To this day, I don't know why I didn't want to take piano lessons.  For that matter, I was a complete disappointment when it came to instrumental music.  Not for lack of talent.  Not for lack of a love for music. Psychologically, I rebelled.  I now think that this was my way of sticking it to them for telling me "no" when I asked if I could take dance lessons.   More dumbness, and truly it was like cutting off my leg to save my arm, but in the mind of a grade-school child, I guess it made sense.  What's really stupid about it all is that I don't think I would have ever been more than an average dancer, even if I'd signed up at the age of three.

I never lost my love for the piano.  I also sang a lot. All the time.  Singing really was my first love.   But throughout school, I was always obsessed with the piano accompaniment.   In high school, our chorus had two accompanists (both students).  One was clearly more accomplished than the other, and I would be aggravated to the point of distraction if she weren't accompanying us.  It was at about this point in my life that I started regretting not learning to play.  But I thought that it was too late.  I didn't know of anyone my age or older taking beginner instrumental lessons - I might have even thought that such lessons didn't exist.   More dumbness.

But life goes on.  And when I got back into music as an adult, it was as a singer.  That was all I knew.  But I never forgot my Dad and his piano or how I could waste infinite amounts of time just playing around with a keyboard.    Bill started suggesting that I take lessons quite a few years ago.   What was stopping me...... time resources, for one thing.   Mostly fear, I think.   Fear of failure.  What if I didn't have the natural talent that I and others suspected me to have?   What if the teacher were a drill sergeant who would leave me emotionally scarred for the rest of my life?   I think that this is a big step for an adult.

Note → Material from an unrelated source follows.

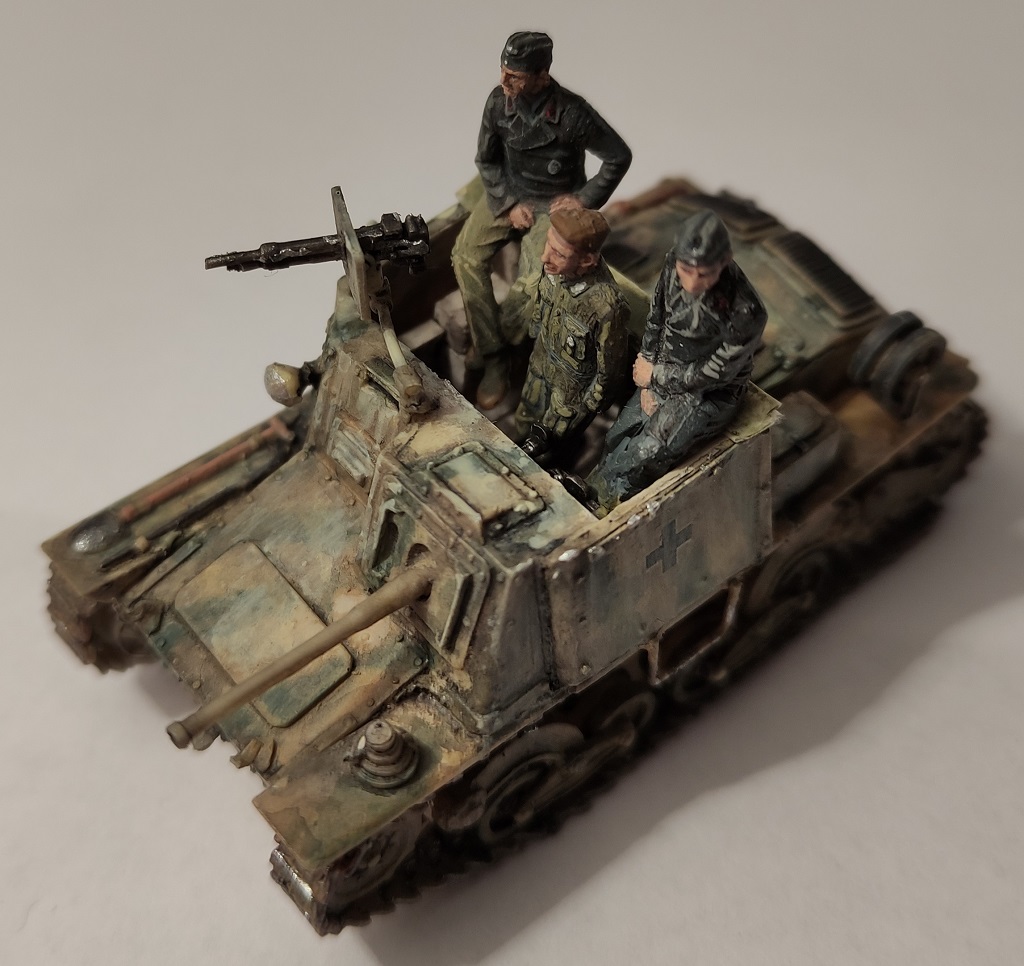 Finishing the model The vehicles entered service with the Wehrmacht in late 1943 and remained operative for less than 2 years. They were re-painted in the usual German sand, with green stripes of different sizes and directions, in some cases air sprayed and in others hand-painted. Most of them had two German crosses on the side, a few had numbers but nothing else. The vehicles looked rather clean (probably they never saw much action), with no extra stowage. Keeping this in mind, the kit was painted and weathered accordingly. The three figures of the crew have relaxed poses, as it can be seen in the rather few photos of the vehicles in service. Thanks to Giorgio Brigà (GB Modelli) for the review sample.

Children take lessons because their parents force them to (most of the time, if we're being honest).  The teacher is an adult who is just like all of the other teachers in their lives - authority figures, people who have all the answers to life (or are at least good at pretending like they do).   It's a whole different matter for one adult to seek out another adult for instrumental music instructions.  I mean, I feel like I'm really putting myself out there.  It's like making yourself vulnerable - especially at the beginning.  Not to sound melodramatic or anything.  My belief is that when both student and teacher are adults there really has to be a different level of trust.   I will practice as often and for as long as my schedule permits, and I will do my best to squeeze it into each day.  I am not gearing up for my NYSSMA solo, Carnegie Hall debut, jazz band jam session or any other similar activity.  I am simply playing for me.

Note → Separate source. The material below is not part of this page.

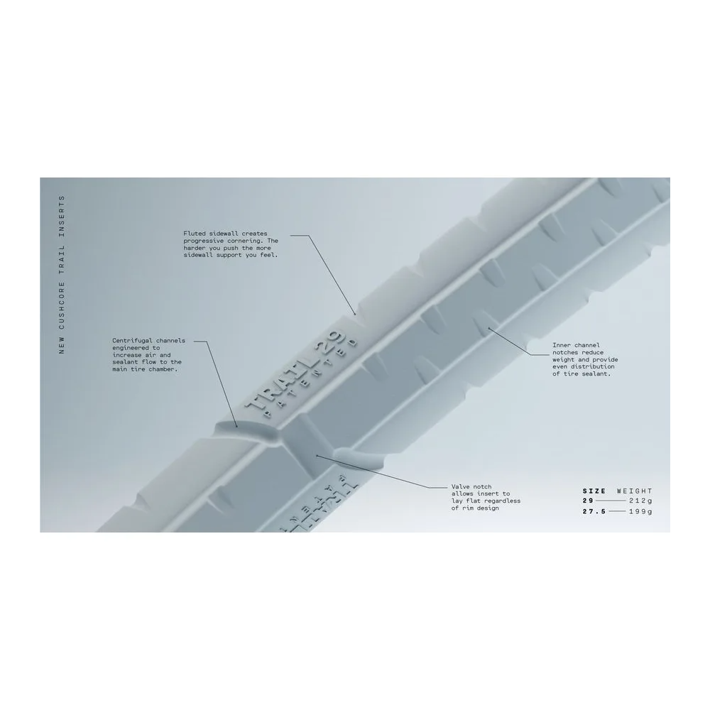 Like all CushCore tire liners, TRAIL absorbs shock and vibration, improves cornering and prevents rim damage... giving you complete confidence that you'll be riding at your best.

I started lessons a little over two years ago.   It helps that the teacher is a friend, but on the other hand..... I would be less distraught if I were to disappoint a total stranger.   I suppose that's also where the trust comes in.   Some instructors demand trust without being willing to give it back to you.   Others inspire your trust with their total acceptance of you as a human being with your strengths, weaknesses, good days and bad.  I am extraordinarily blessed.   Thanks to my teacher, my perseverance, and my natural gift,  I now feel a connection flowing from me to the piano to my father that I've never known before.  In times of stress or confusion, I instinctively turn to the piano for comfort.  When I play, I feel his presence.   Music makes logical sense to me now, as it never did before.   While I will probably always consider myself to be a singer, piano has become another ingredient in the musical recipe of my life.   I don't know how I've gone this long without it and I don't ever want to be without it again.